====== RECORDS FOR THE EXERCISE ======
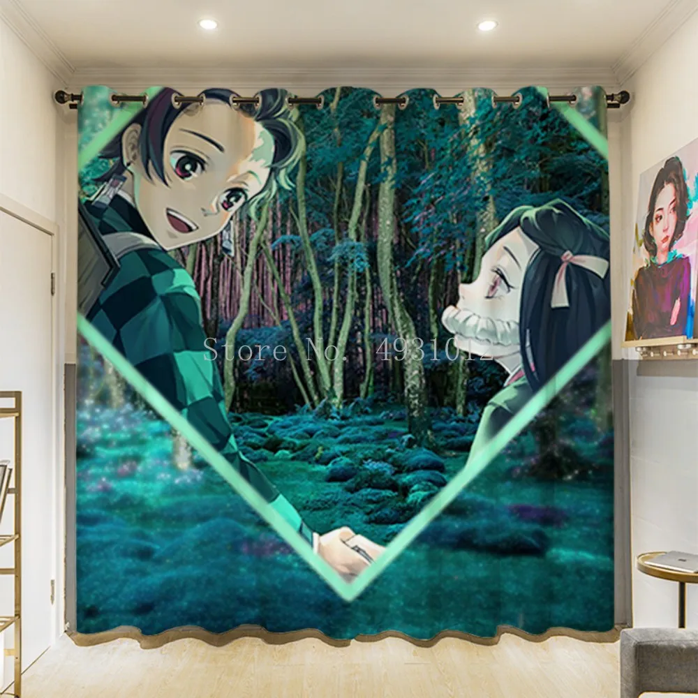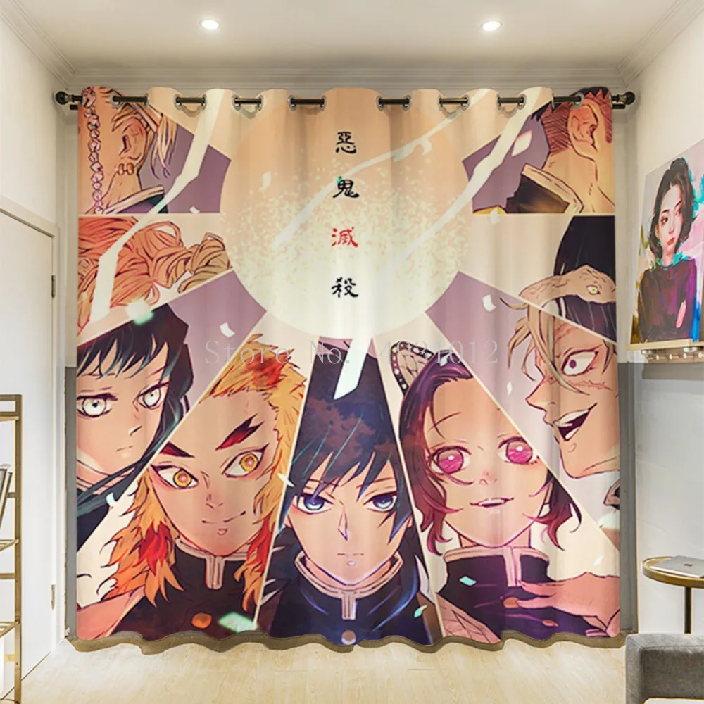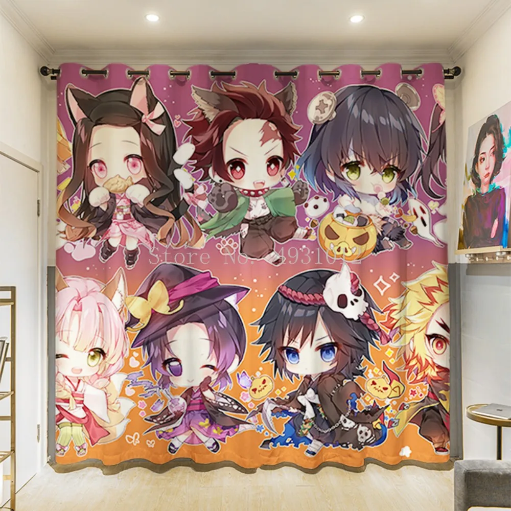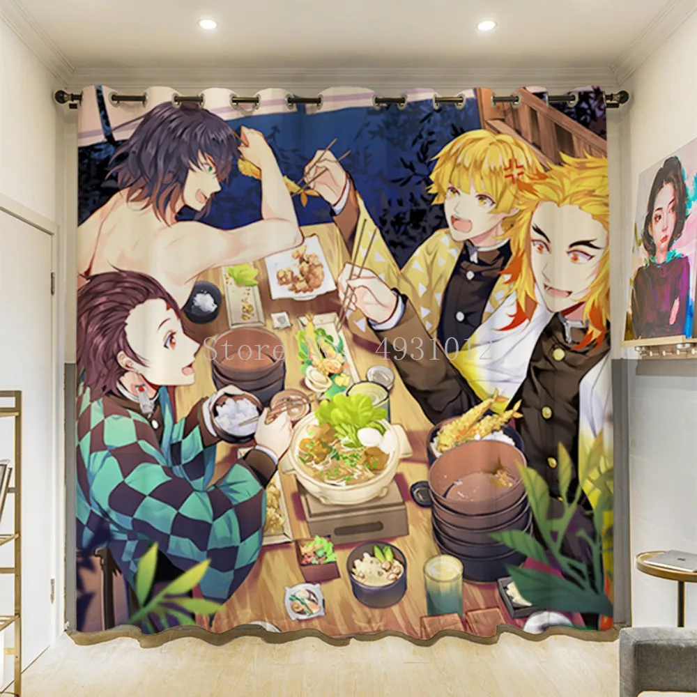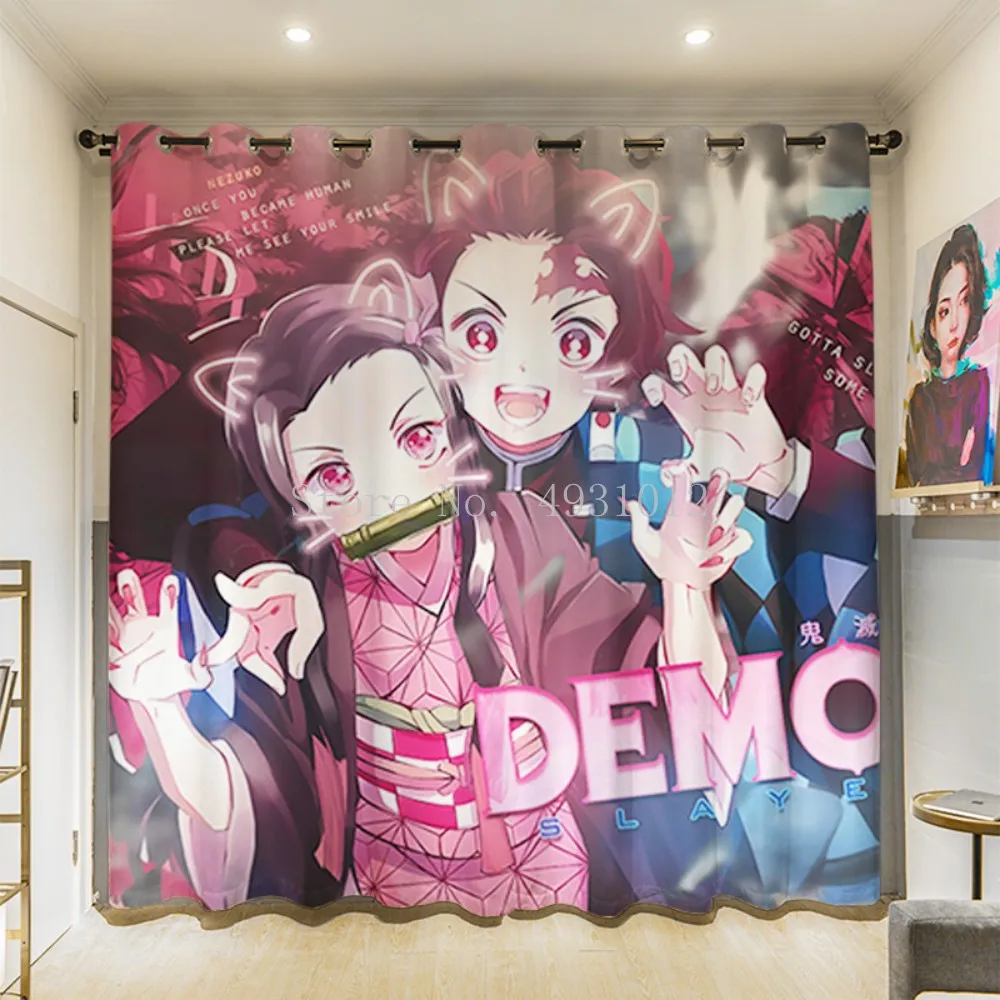 Японские занавески в стиле аниме для спальни, гостиной, занавески на окна рассекающий демонов, подарки для мальчиков и девочек, затемняющие изоляционные Полиэстеровые занавески
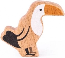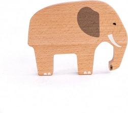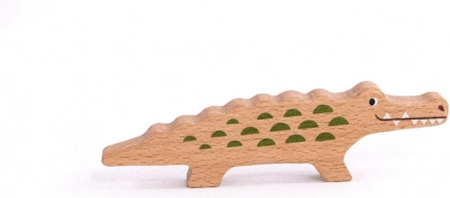 A készlet valósághűen stilizált figurákat tartalmaz: elefántot, gorillát, zebrát, oroszlánt, tigrist, orrszarvút, kígyót, zsiráfot, krokodilt, tukánt és majmot. Minden darab kézzel finiselve, minimalista kialakítással készül, amely kiemeli a fa természetes erezetét. A simára csiszolt éleknek és a masszív felépítésnek köszönhetően a játékok kellemes tapintásúak és bírják a mindennapos használatot.
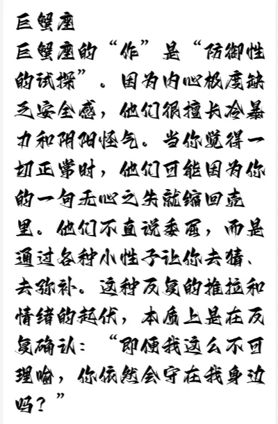 在恋爱关系中,有一种“作”叫作反复确认。网络上常讨论哪些星座在感情里最折磨人,结合星座的情感阈值与安全感诉求,这三个星座往往是“不作不舒服”的典型。他们通过推开对方来确认对方不会走,通过制造矛盾来证明对方还在乎。这种矛盾的心理,虽然让伴侣感到疲惫,却是他们表达深情的一种极端方式。
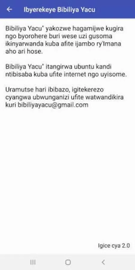 Bibiliya Yacu is released specifically to help Rwandans and other people who can read Kinyarwanda. It is free, ads-free, and works offline.
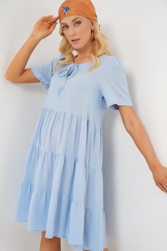 • Kısa Kol Kısa Elbise 2554 Mavi
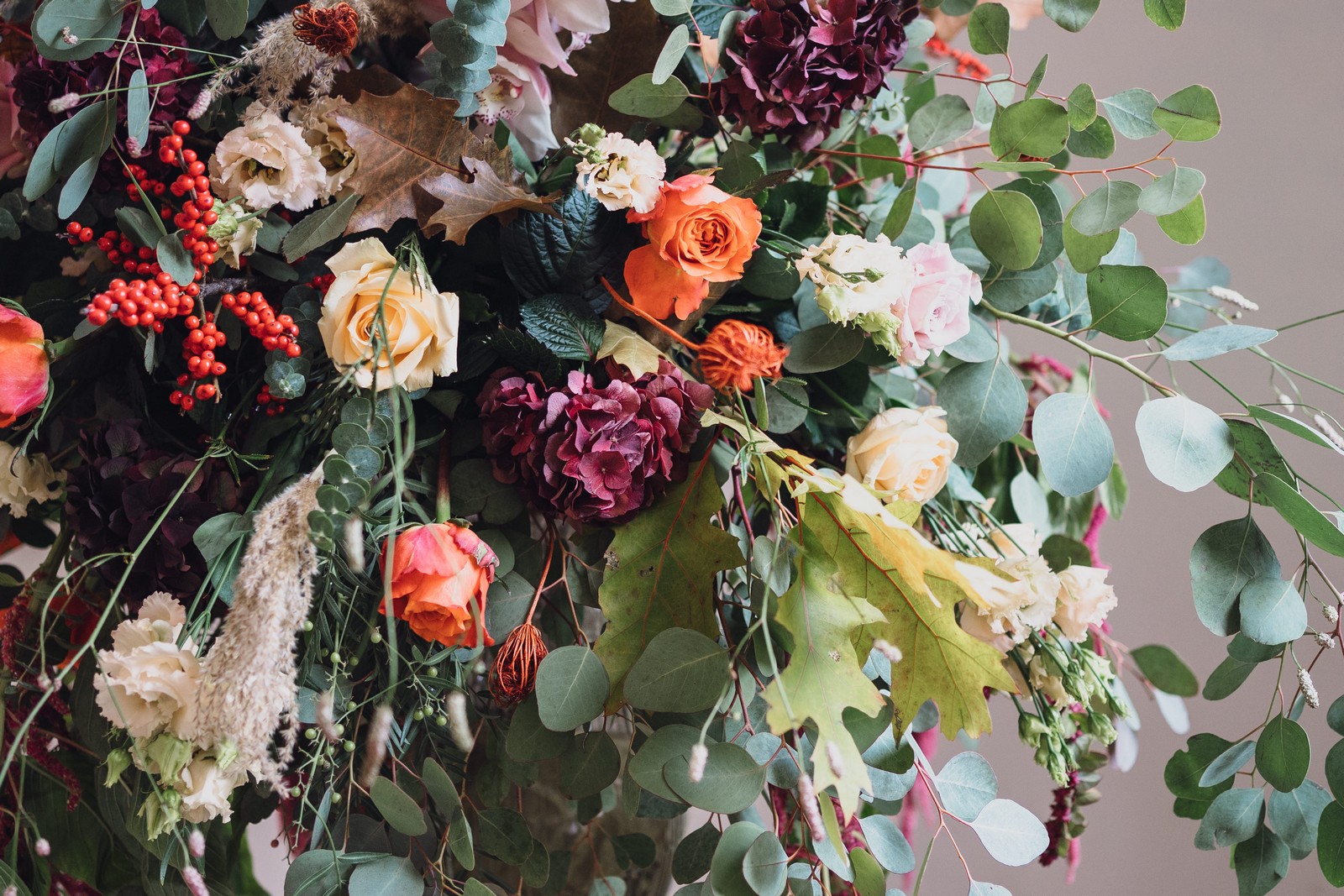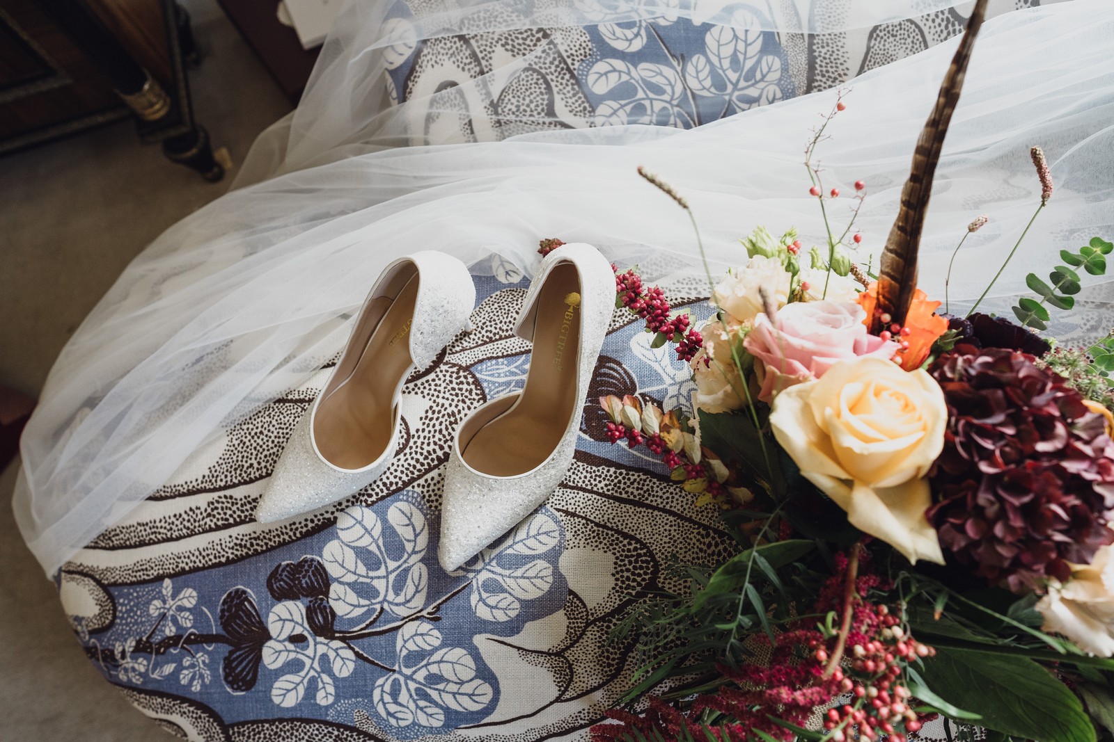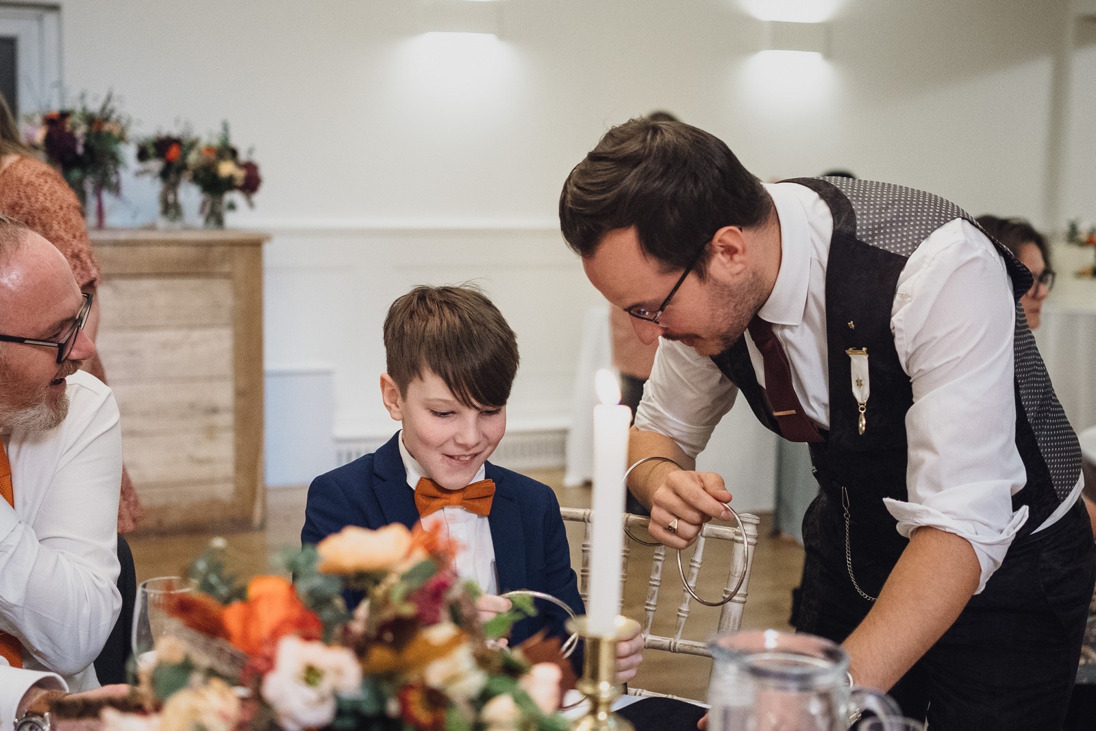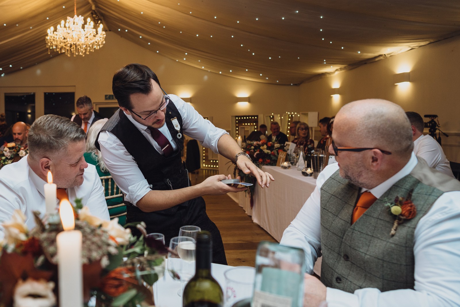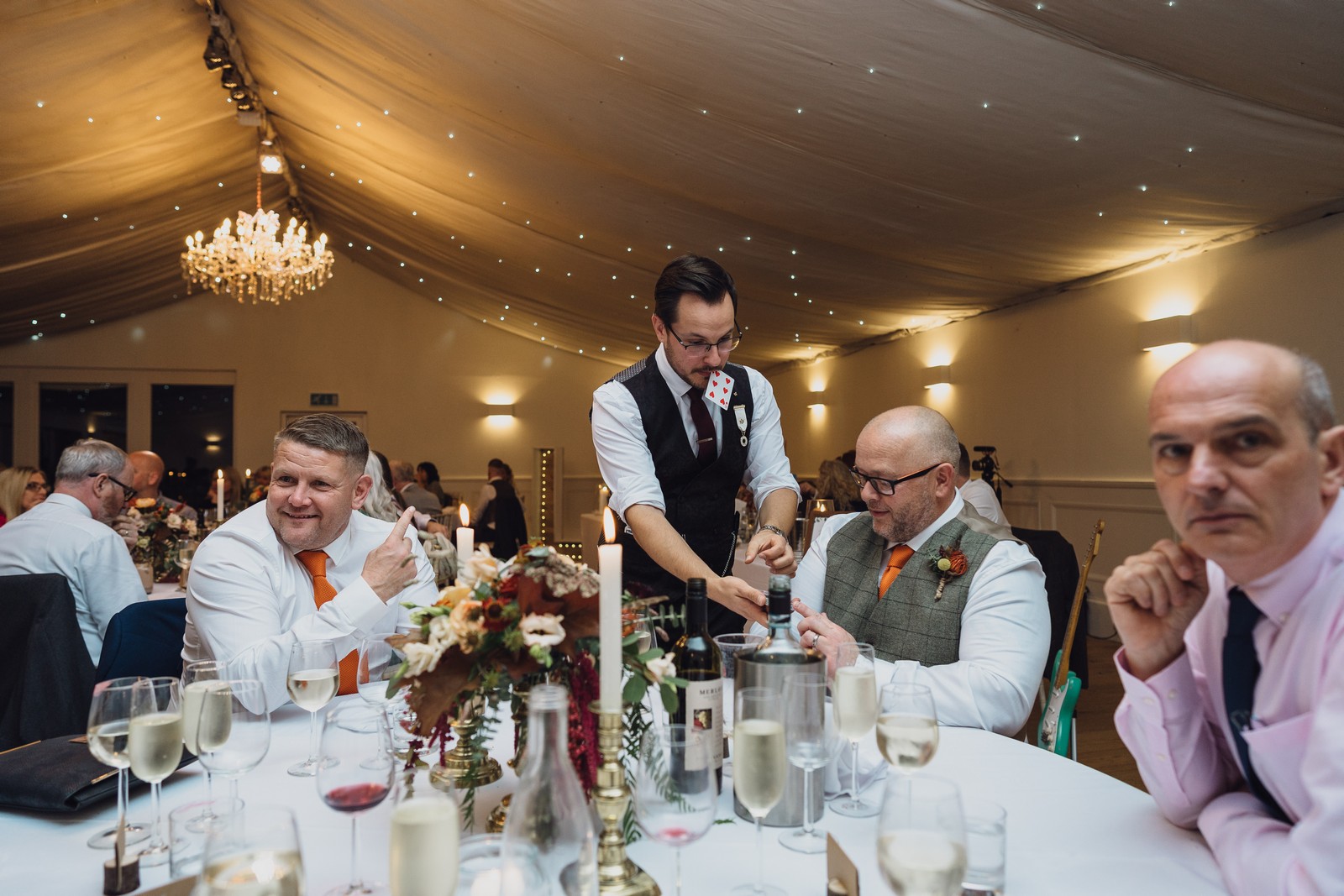 Helen & Richard said ‘We love stately homes, British country tradition, elegance and charm but we wanted a cool modern relaxed fun vibe with lots of rich warm colours’ ” The wedding flowers for the bridal party and groomsmen plus decorating the house was supplied by Rustic Bloom and featured a scheme fitting of a fine country estate wedding in late autumn. Colour scheme orange, green, reds, pinks, burgundy, cherry, we also had feathers in the bouquets and table decorations which looked absolutely stunning’
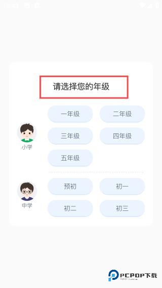 1、学习类 APP 的年级选择页,需从小学一至五年级、中学预初、初一至初三中选对应的年级,用于适配学习内容。
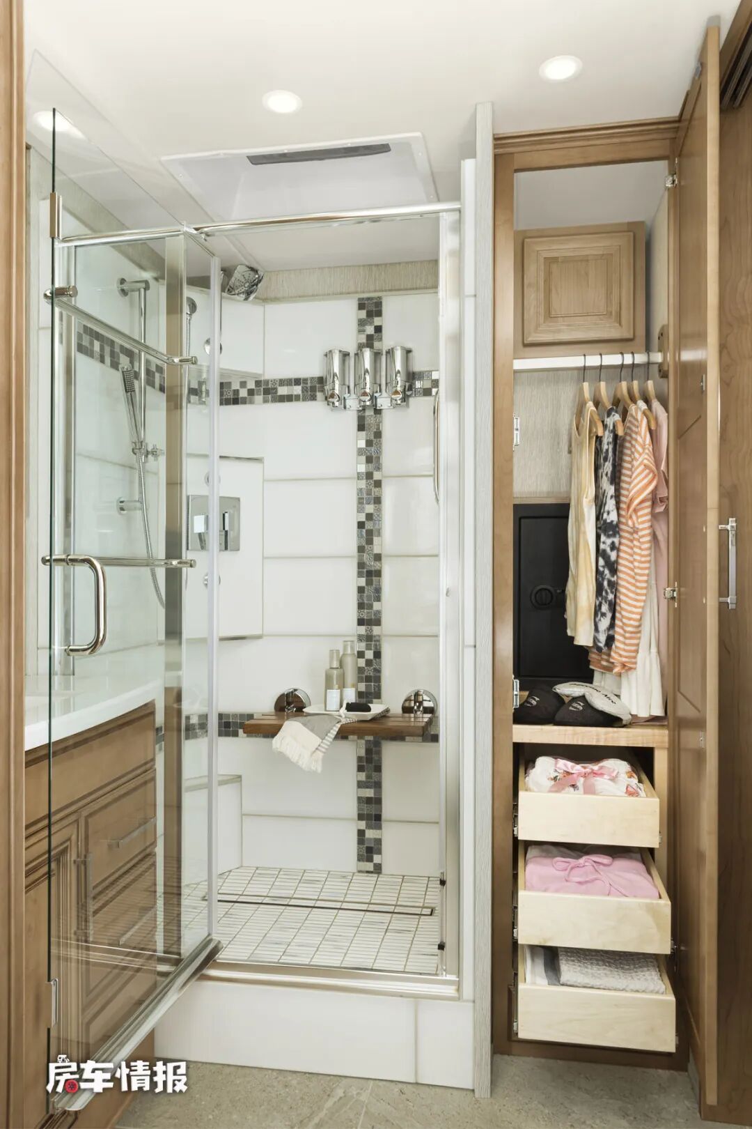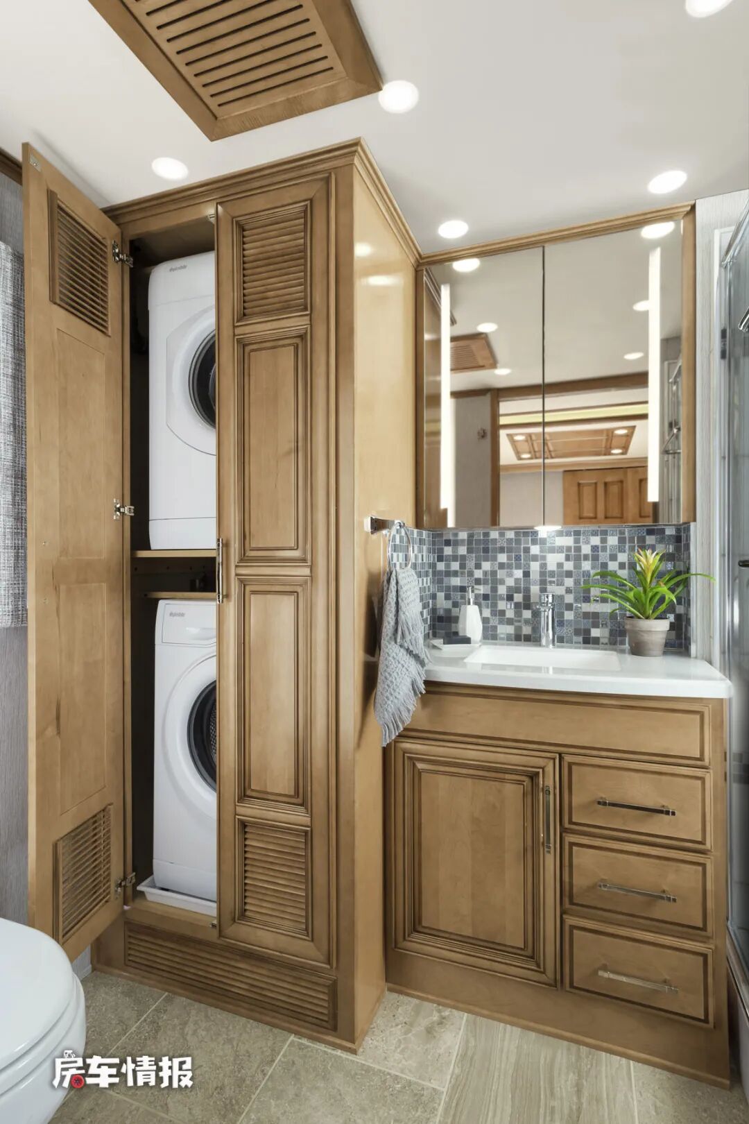 休息区内侧是全车的第二个卫浴区,相比客厅处的卫生间,这个卫浴室更加私密,空间更加的宽敞,采用干湿分离的设计,最内侧是独立的淋浴间和大衣柜,中间是盥洗台,旁边的柜子里是一台洗衣机和一台烘干机,最外侧则是卫生间,可以说是要多豪华有多豪华。
======
_ABOUT THIS TASK:_ An exact transcription is needed, covering the line with "Bibiliya Yacu is" and every line after it to the end of the entries, but not the pictures.

_TASK OUTPUT:_
 Bibiliya Yacu is released specifically to help Rwandans and other people who can read Kinyarwanda. It is free, ads-free, and works offline.
 • Kısa Kol Kısa Elbise 2554 Mavi
 Helen & Richard said ‘We love stately homes, British country tradition, elegance and charm but we wanted a cool modern relaxed fun vibe with lots of rich warm colours’ ” The wedding flowers for the bridal party and groomsmen plus decorating the house was supplied by Rustic Bloom and featured a scheme fitting of a fine country estate wedding in late autumn. Colour scheme orange, green, reds, pinks, burgundy, cherry, we also had feathers in the bouquets and table decorations which looked absolutely stunning’
 1、学习类 APP 的年级选择页,需从小学一至五年级、中学预初、初一至初三中选对应的年级,用于适配学习内容。
 休息区内侧是全车的第二个卫浴区,相比客厅处的卫生间,这个卫浴室更加私密,空间更加的宽敞,采用干湿分离的设计,最内侧是独立的淋浴间和大衣柜,中间是盥洗台,旁边的柜子里是一台洗衣机和一台烘干机,最外侧则是卫生间,可以说是要多豪华有多豪华。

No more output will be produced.